The first reviews of the film have been positive, although some critics suggested Feldstein hadn't quite nailed the accent despite her research efforts.
"Feldstein is as charming as ever, delivering her lines with the earnestness and flourish of an extremely theatrical teenage girl. Her British accent, on the other hand, is so-so," wrote Anne Cohen in Refinery29, external.
But she praised the film's "searing emotional core", adding that it "reminds us that too often, smart, happy girls are beaten down into submission by society and circumstance."
IndieWire's Kate Erbland had a similar take, external, writing: "Feldstein, despite tripping over the working-class Brit accent required, inhabits the character with ease, and is measured enough to make the differences between Johanna and her previous coming-of-age characters pop."
Feldstein isn't the first US star to grapple with a British regional accent. Anne Hathaway's attempt at a northern accent in One Day, external famously did not go down well with fans of the original David Nicholls book.
How To Build A Girl, which is directed by Coky Giedroyc, also stars Game of Thrones star Alfie Allen and Paddy Considine, with guest appearances from Chris O'Dowd and Emma Thompson.

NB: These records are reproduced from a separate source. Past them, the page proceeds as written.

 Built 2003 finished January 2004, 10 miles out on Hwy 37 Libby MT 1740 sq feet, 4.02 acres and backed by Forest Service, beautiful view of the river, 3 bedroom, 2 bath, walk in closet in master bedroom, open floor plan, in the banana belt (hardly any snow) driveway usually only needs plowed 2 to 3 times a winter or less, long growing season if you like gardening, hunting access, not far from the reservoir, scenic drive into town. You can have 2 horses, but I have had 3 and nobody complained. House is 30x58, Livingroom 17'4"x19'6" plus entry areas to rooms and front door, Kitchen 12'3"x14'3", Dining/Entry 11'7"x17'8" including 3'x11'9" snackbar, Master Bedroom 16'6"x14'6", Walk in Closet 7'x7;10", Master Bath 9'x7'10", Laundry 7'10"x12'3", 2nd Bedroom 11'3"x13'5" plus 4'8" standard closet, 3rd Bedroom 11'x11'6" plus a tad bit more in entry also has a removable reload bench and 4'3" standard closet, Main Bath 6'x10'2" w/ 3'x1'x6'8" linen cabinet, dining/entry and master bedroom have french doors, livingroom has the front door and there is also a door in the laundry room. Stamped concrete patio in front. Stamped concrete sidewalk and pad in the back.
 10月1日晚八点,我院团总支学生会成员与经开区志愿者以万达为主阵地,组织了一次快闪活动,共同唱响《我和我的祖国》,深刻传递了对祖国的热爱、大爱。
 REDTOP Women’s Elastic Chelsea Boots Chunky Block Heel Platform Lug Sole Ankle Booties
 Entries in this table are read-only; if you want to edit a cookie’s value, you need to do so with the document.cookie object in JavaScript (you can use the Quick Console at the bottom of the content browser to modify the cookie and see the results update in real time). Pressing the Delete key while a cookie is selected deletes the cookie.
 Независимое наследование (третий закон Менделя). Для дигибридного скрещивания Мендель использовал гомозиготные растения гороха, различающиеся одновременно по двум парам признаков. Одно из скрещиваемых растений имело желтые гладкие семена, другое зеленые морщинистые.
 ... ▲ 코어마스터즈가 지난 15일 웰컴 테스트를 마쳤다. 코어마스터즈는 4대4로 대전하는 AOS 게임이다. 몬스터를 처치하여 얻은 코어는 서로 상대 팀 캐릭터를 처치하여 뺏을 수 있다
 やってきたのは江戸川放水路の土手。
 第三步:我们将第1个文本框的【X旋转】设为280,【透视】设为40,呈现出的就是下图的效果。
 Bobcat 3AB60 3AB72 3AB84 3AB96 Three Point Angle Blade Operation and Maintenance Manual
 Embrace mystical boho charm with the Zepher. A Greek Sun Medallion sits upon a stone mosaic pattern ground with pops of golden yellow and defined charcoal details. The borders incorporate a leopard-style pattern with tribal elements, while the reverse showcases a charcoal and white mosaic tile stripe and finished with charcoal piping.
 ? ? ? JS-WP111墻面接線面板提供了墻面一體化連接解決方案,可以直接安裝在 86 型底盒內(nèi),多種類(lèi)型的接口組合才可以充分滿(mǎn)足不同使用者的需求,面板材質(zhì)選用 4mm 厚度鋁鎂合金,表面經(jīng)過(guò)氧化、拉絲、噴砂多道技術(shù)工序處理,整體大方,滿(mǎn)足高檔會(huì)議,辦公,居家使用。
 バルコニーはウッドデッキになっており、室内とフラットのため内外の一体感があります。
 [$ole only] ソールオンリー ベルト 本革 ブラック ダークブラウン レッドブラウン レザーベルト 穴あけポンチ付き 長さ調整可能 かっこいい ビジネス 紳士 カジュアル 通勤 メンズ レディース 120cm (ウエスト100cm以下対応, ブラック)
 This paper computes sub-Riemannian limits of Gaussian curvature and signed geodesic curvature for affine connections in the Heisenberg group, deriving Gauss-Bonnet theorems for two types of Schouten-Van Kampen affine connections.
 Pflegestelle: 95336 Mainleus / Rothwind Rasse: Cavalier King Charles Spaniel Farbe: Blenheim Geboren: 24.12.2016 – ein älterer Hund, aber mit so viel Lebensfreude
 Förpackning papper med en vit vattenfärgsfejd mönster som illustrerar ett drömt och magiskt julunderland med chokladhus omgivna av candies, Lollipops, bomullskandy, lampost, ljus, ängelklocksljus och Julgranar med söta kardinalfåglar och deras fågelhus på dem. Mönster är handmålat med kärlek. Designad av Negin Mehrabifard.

The storyline sees Johanna adopting a pseudonym, Dolly Wilde, and grabs the attention of her peers with her cutting and sardonic writing style.
She begins experimenting sexually and changes her appearance to reflect her new career as an infamous rock journalist.
But Johanna struggle to maintain her rock 'n' roll persona and lifestyle for long, and as she grows she gradually embraces the sweeter and more optimistic girl she is at her core.
"It's not really the story of two girls, it's the story of one girl trying to make herself into another and then coming back," explains Feldstein.
Reflecting on her own youth, Moran said: "When I was a teenage music journalist, being able to write in a national magazine and express my views to a large readership was something not many 16-year-old girls could do.
"Now, because we have the internet and social media, every 16-year-old in the world can go out and give their opinions."
An exact release date for the film has not yet been confirmed, but Lionsgate have already announced they will distribute the movie in the UK.